Lansing, MI–Gov. Gretchen Whitmer announced Nov. 18 the re-opening of high schools and indoor entertainment venues that had been closed due to the COVID-19 pandemic.
Schools and businesses like movie theaters, casinos and bowling alleys will be allowed to re-open starting Dec. 21.
Businesses will be required to limit occupancy to 20% of limits set by a fire marshal with total capacity limited to no more than 100 individuals in any one space.
The businesses will not be allowed to sell food or drinks on the premises.

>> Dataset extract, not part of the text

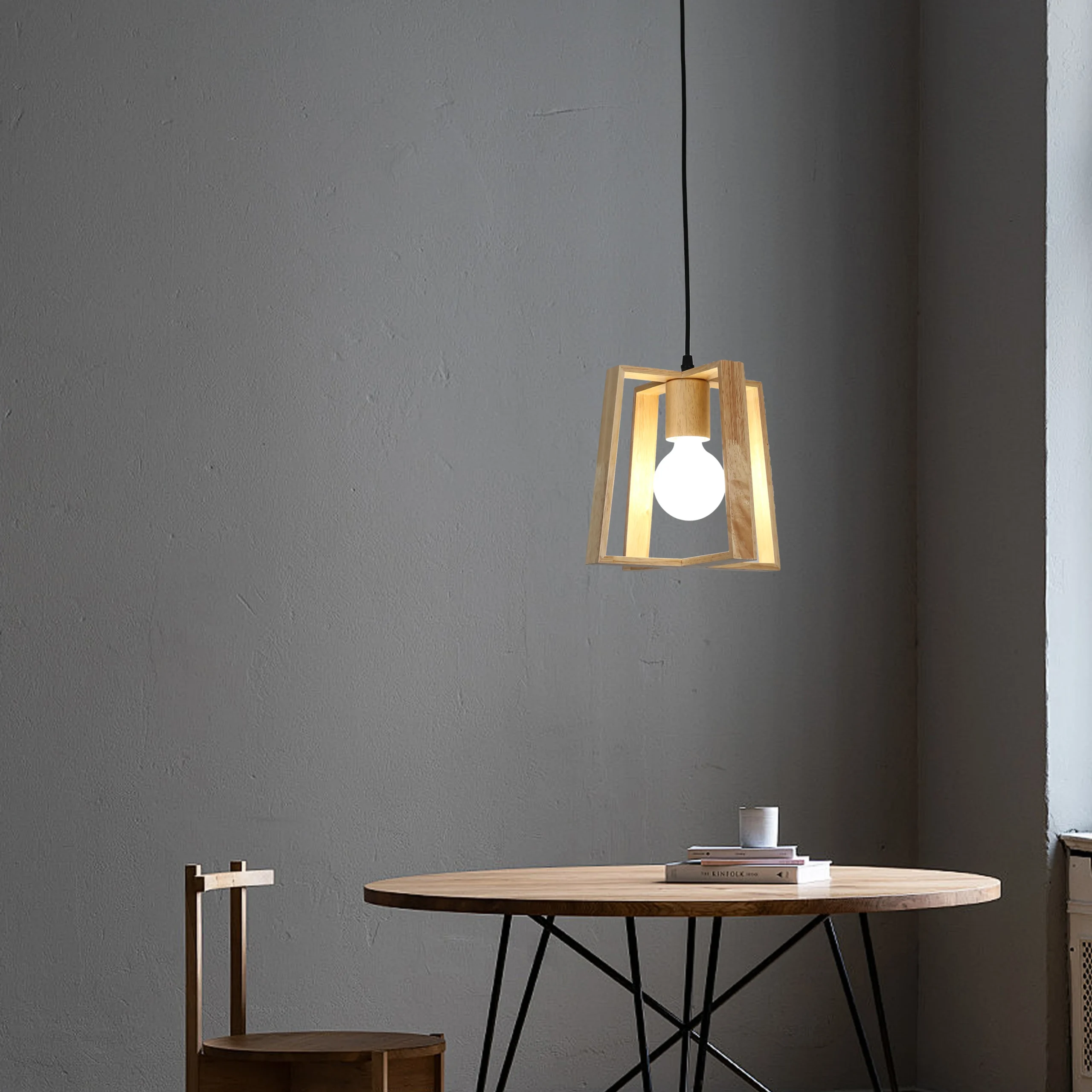 مصباح معلق يجمع بين الخشب والحبال بتصميم مستوحى من حبال الأدغال — خيار مثالي لمن يبحث عن إضاءة ديكورية عصرية بطابع ريفي/صناعي. يناسب المساحات المنزلية والمقاهي والمحلات التي تريد لمسة جمالية وحركة بسيطة للضوء.

Colleges and universities will be allowed to resume in-person classes, but Whitmer said she asked them to delay the start of in person classes until Jan. 19 and dorm move-ins until Jan. 16, and most have agreed.
Other businesses, like water parks and indoor restaurant dining rooms, will remain closed.
“These past few weeks, Michiganders across the state stepped up and did their part to slow the spread of COVID-19, and because of our collective hard work, we are now able to begin the steps to carefully lift some of the protocols we have in place,” said Whitmer. “I am encouraged by the progress we have made since early November, and will continue to monitor the data closely during and after the holidays.”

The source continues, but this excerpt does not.